- _TASK TO CARRY OUT_: From the listing below, reproduce word for word the part that opens with the line containing "年底,公司机器人研发团队已超过 180 人,位于行业领先地位。" and closes with the line containing "Start by cooking"; reproduce nothing else.

- _DATASET EXTRACT_:
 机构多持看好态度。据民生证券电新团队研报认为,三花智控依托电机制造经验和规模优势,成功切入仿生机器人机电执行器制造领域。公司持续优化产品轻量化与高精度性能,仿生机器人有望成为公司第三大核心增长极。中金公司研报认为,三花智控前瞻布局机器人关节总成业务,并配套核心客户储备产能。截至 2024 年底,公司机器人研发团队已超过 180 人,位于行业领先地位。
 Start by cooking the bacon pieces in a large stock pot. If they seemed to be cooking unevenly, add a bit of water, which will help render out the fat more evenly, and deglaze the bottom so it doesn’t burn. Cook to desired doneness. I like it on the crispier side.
---
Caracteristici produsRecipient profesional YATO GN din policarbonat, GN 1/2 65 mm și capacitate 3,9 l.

- _TASK ANSWER_:
 机构多持看好态度。据民生证券电新团队研报认为,三花智控依托电机制造经验和规模优势,成功切入仿生机器人机电执行器制造领域。公司持续优化产品轻量化与高精度性能,仿生机器人有望成为公司第三大核心增长极。中金公司研报认为,三花智控前瞻布局机器人关节总成业务,并配套核心客户储备产能。截至 2024 年底,公司机器人研发团队已超过 180 人,位于行业领先地位。
 Start by cooking the bacon pieces in a large stock pot. If they seemed to be cooking unevenly, add a bit of water, which will help render out the fat more evenly, and deglaze the bottom so it doesn’t burn. Cook to desired doneness. I like it on the crispier side.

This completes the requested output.